3 Rounds for time of:
400m Run
21 Kettlebell Swings, 53# / 35#
12 Pull-ups
(Score is Time)
EXTRA CREDIT – ALL
NOTE — August’s extra credit focus will revolve around Split Jerk Practice & Chest to Bar Development.
1.) 3 SETS
6/6 Overhead Split Squats*
*Build from last week and go slightly heavier.
(Score is Weight)
2.) 3 SETS
25 Double Banded Lat Pull-Downs
25 Banded Dante Rows
25 Supinated Band Pull-Aparts
-Rest As Needed b/t Sets-
THURSDAY
WORKOUT – ALL
EMOM x 30 MINUTES
MIN 1&2 – 25/20 Cal Row + Max Burpees
MIN 3 – :40 Side Plank Hold (L)
MIN 4&5 – 20/15 Cal Row + Max Sit-Ups
MIN 6 – :40 Side Plank Hold (R)
(Score is Total Burpees + Sit-Ups)
FRIDAY
STRENGTH – ALL
Back Squat 6-4-2 | 6-4-2*
*Start Moderate-Heavy and end Heavy.
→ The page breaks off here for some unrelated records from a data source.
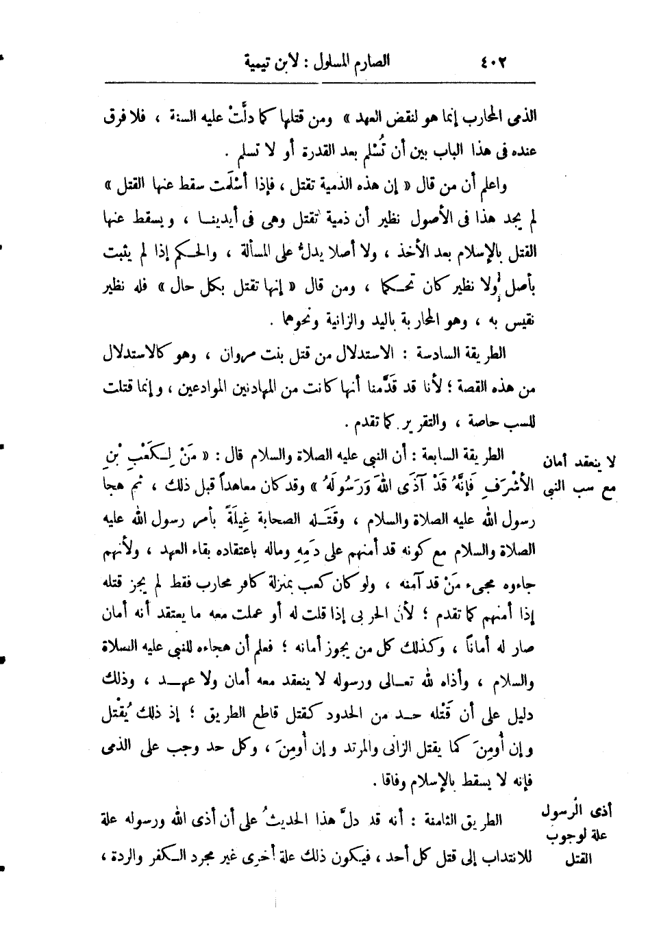 الطريقة السادسة: الاستدلال من قتل بنت مروان وهو كالاستدلال من هذه القصة لأنا قد قدمنا أنها كانت من المهادنين الموادعين وإنما قتلت للسب خاصة والتقرير كما تقدم.
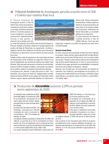 del río La Ola. Para la conservación de estas áreas, Codelco cederá sus derechos de aprovechamiento de agua dulce en los sectores objeto de recuperación al Ministerio de Bienes Nacionales o a la entidad pública que se determine. El costo estimado de todas las medidas asciende a más de US$56 millones, monto que será asegurado mediante una boleta de garantía por parte de la compañía estatal. Reacción Consejo Minero En tanto, el anuncio de la aprobación de Rajo Inca de fue valorado en el sector. Carlos Urenda, gerente general del Consejo Minero, señaló que la construcción de Rajo Inca es una muy buena noticia para el país. “Gracias a este proyecto estructural se extenderá la vida útil de la división Salvador por 47 años, lo que permitirá a la actividad minera seguir aportando a la empleabilidad y el desarrollo económico de la Región de Atacama”, subrayó. Además, hizo hincapié que “la incorporación de métodos de operación más modernos y tecnologizados en el proyecto y en consecuencia, la optimización de sus procesos, contribuirá a seguir desarrollando una industria minera competitiva y sustentable a nivel global”.
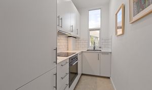 There's decent storage throughout the flat, including built-in cupboards in the hallway. The whole place has been freshly decorated in neutral tones with new flooring, so you're looking at a turnkey situation – just bring your furniture and you're done.
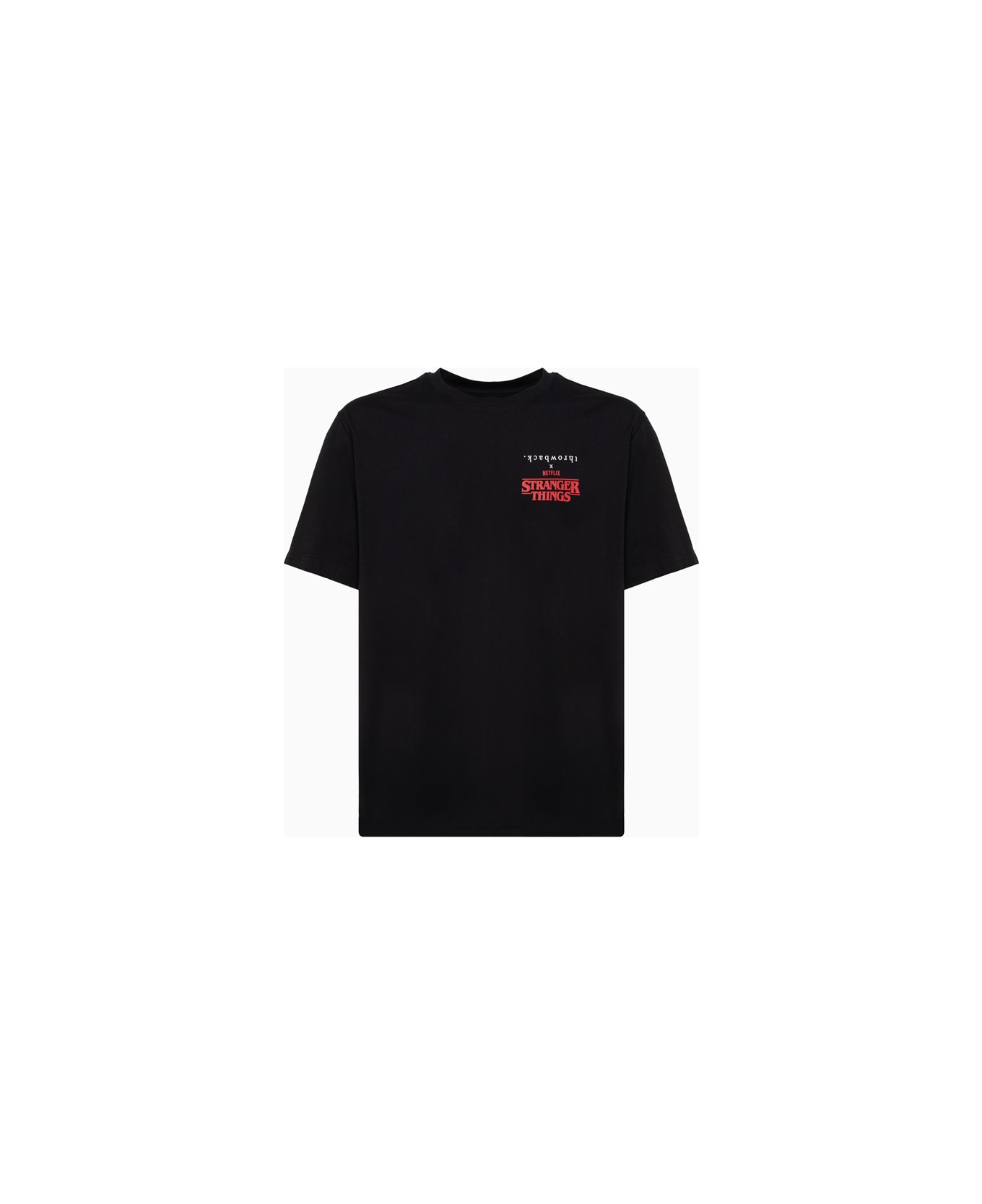 made in italy throwback x netflix stranger things crew neck t-shirt in solid color cotton. iconic netflix tv series set in the 80s on the adventures of some friends. short sleeves. logo print at chest and lettering print at back. loose fit. composition: 100% cotton.
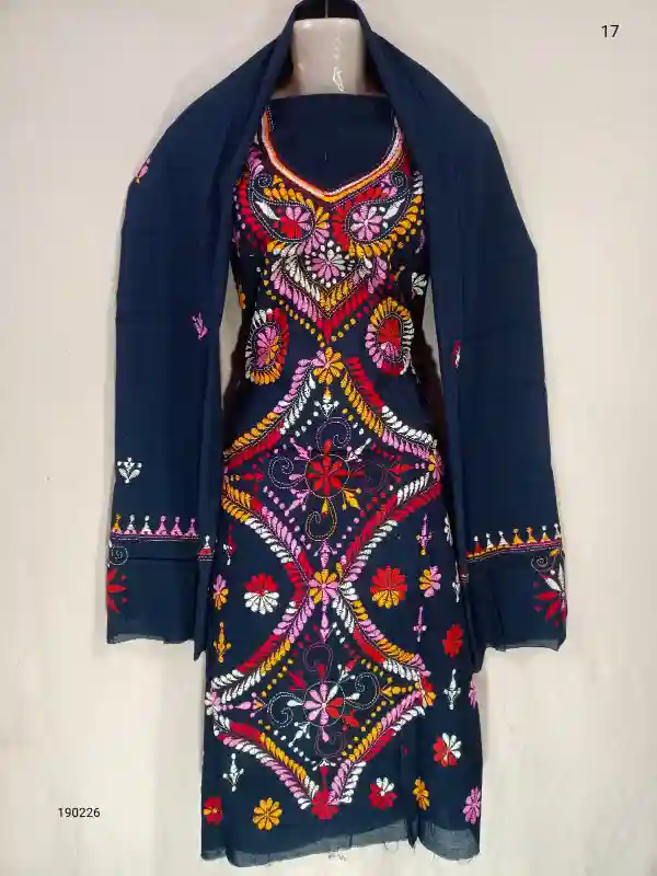 Buy Pure Cotton Dress Materials with hand woven Embroidery. Bengal has an old tradition of Kantha embroidery. Shop for Kantha Stitched Salwar Suit including upper bottom and dupatta. Shop for exclusive collection of Salwar. Kantha Stitched design is unique in design. Cash on Delivery Available all over India. Additional discount on Prepaid Order.
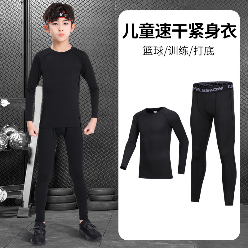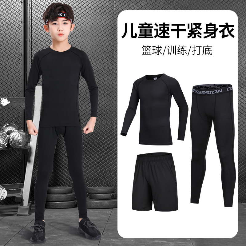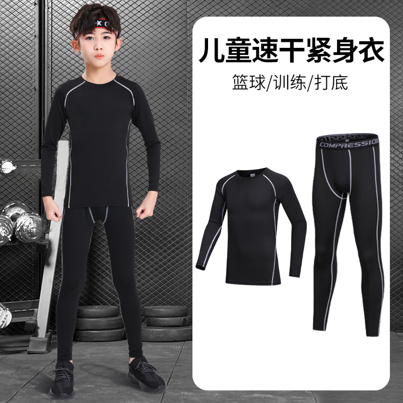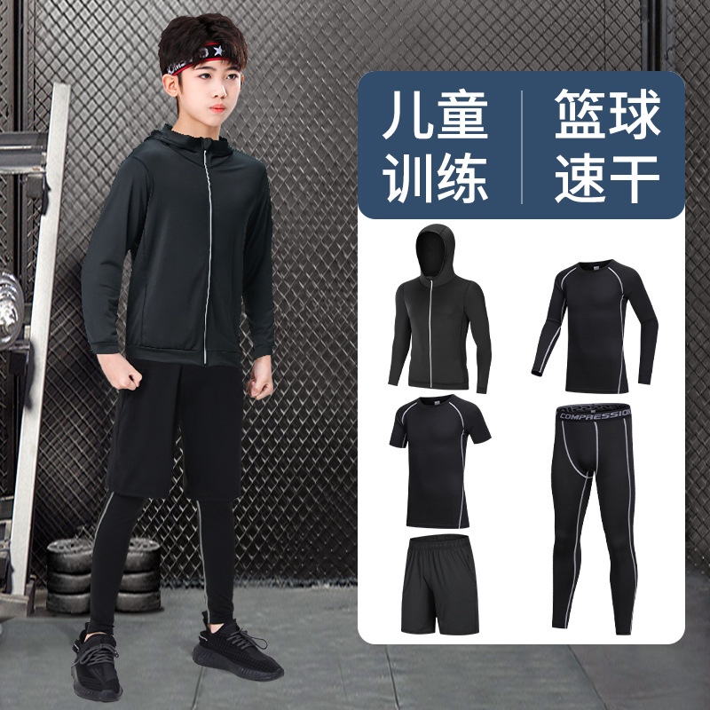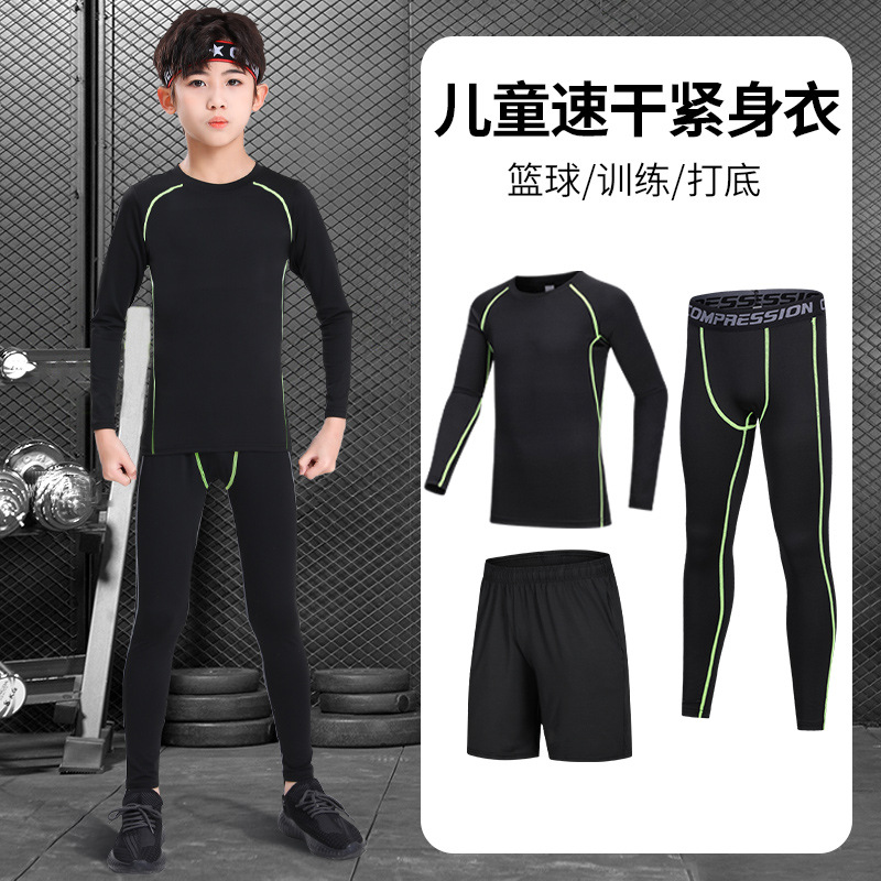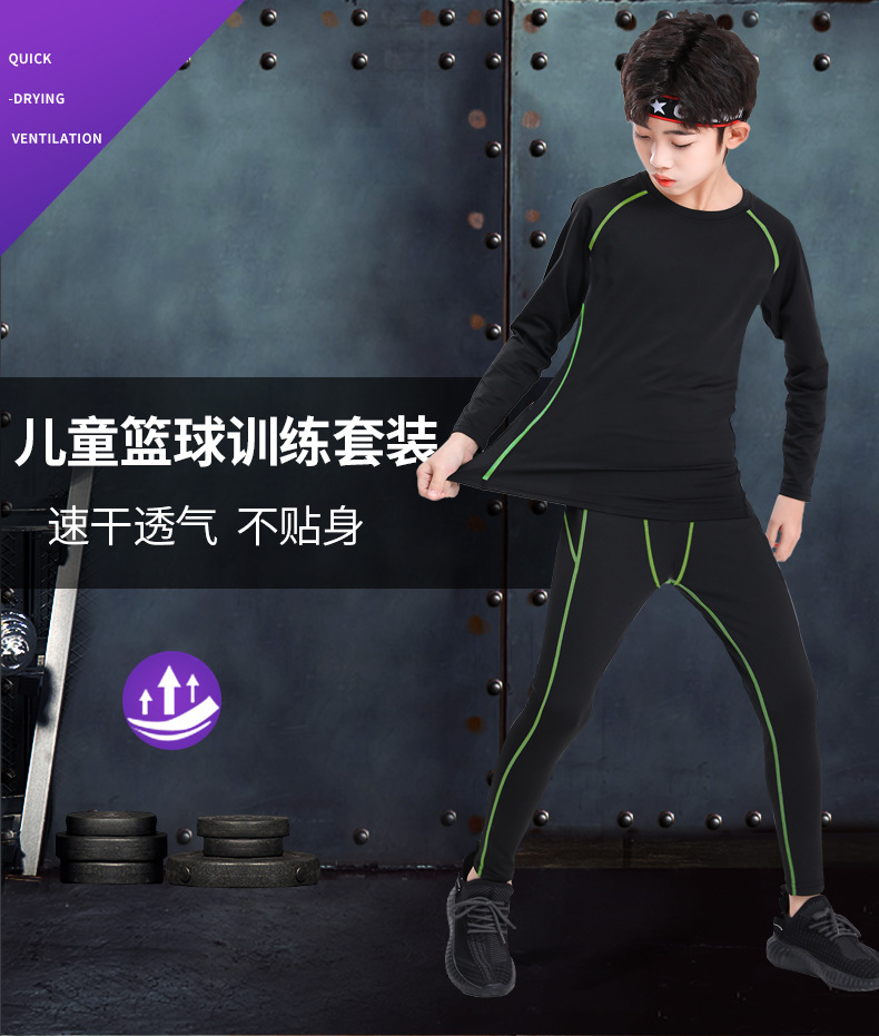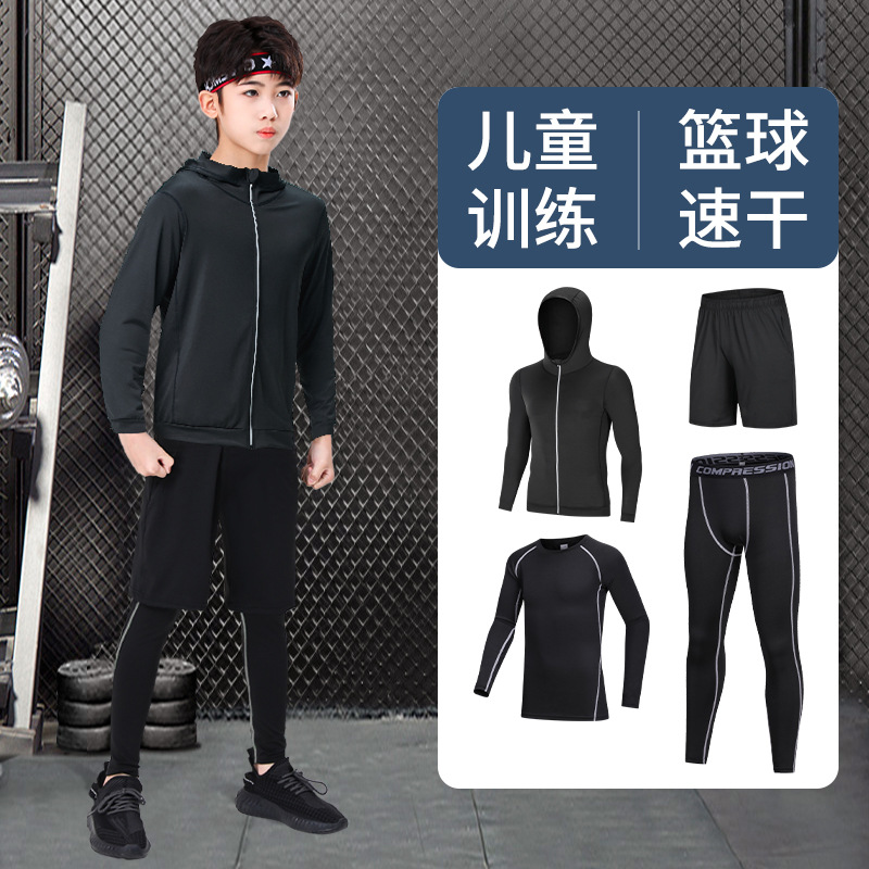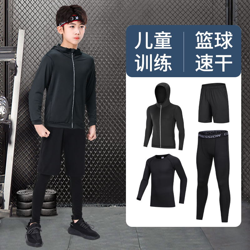 어린이 스타킹 훈련 옷 반팔 농구 속건 스포츠 세트 소년 피트니스 의류 봄 여름 가을 축구

The second set of 6 should be close to or the same weight as the first set of 4.
(Score is Weight)
Week 4 of 7
3-Rep ‘CF Total’ Cycle
WORKOUT – PERFORMANCE
FOR TIME
80 Wall Balls (20/14)
20 Air Squats
60 Wall Ball Thrusters
20 Air Squats
40 Wall Ball Front Squats
20 Air Squats
(Score is Time)
WORKOUT – FITNESS
FOR TIME
80 Wall Balls (14/10)
20 Air Squats
60 Wall Ball Thrusters
20 Air Squats
40 Wall Ball Front Squats
20 Air Squats
(Score is Time)
EXTRA CREDIT – ALL
NOTE — August’s extra credit focus will revolve around Split Jerk Practice & Chest to Bar Development.
1.) ON A 15:00 RUNNING CLOCK…
Build to a Moderate-Heavy 3-Rep Split Jerk*
*Heavier than last week.
(Score is Weight)
2.) EMOM x 10 MINUTES*
3 Chest to Bars
*Use a band if needed.
SATURDAY
PARTNER WORKOUT OPTION
IN TEAMS OF 2…
AMRAP x 20 MINUTES*
1 Muscle-Up or 2 Pull-Ups
2 Power Cleans (Athlete Choice)
30 Double Unders or 50 Single Unders
*P1 completes a full round while P2 rests. Once a full round is complete partners switch.